4. Upsert prediction data:
Generated through the following function:
def upsertPredictions(prediction_row):
"""
Generates an SQL query to insert or update a prediction row in the database.
Args:
prediction_row (dict): A dictionary representing a prediction row, where keys are column names.
Returns:
str: The SQL query string.
Raises:
ValueError: If `prediction_row` is not a dictionary or required unique columns are missing.
"""
if not isinstance(prediction_row, dict):
raise ValueError("Predictions must be a dictionary.")
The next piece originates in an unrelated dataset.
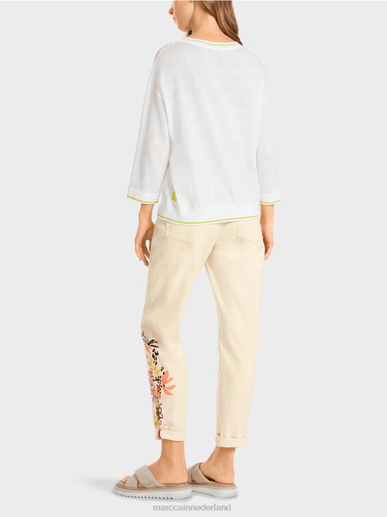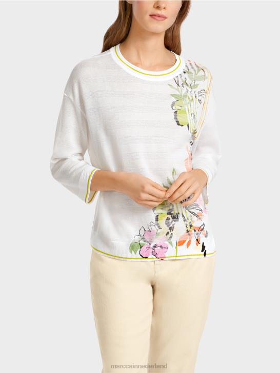 casual gebreide trui in een materiaalmix. deze trui heeft een bloemmotief aan de linkerkant. het brede silhouet heeft verlaagde schouders en een ronde hals. de trui wordt gebreid en afgewerkt in ons bedrijf in Duitsland. de verdere verwerking van de afzonderlijke stukken wordt uitgevoerd door onze partnerbedrijven in Europa. dit maakt het artikel "gebreid in Duitsland".

# Columns used for checking existence
unique_columns = ["adm0_code", "prediction_date"]
if not all(col in prediction_row for col in unique_columns):
raise ValueError(f"Missing required unique columns: {unique_columns}")
columns = list(prediction_row.keys())
values = list(prediction_row.values())
values_clause = ", ".join(
f"'{value}'" if isinstance(value, str) else str(value)
for value in values
)
update_clause = ", ".join(
"`{}` = {}".format(
col,
f"'{prediction_row[col]}'" if isinstance(prediction_row[col], str) else prediction_row[col]
)
for col in columns
if col not in unique_columns
)
columns_clause = ", ".join(f"`{col}`" for col in columns)
query = (
f"INSERT INTO `{prediction_table}` ({columns_clause}) "
f"VALUES ({values_clause}) "
f"ON DUPLICATE KEY UPDATE {update_clause};"
)
return query
- Purpose: Saves forecast results to the database.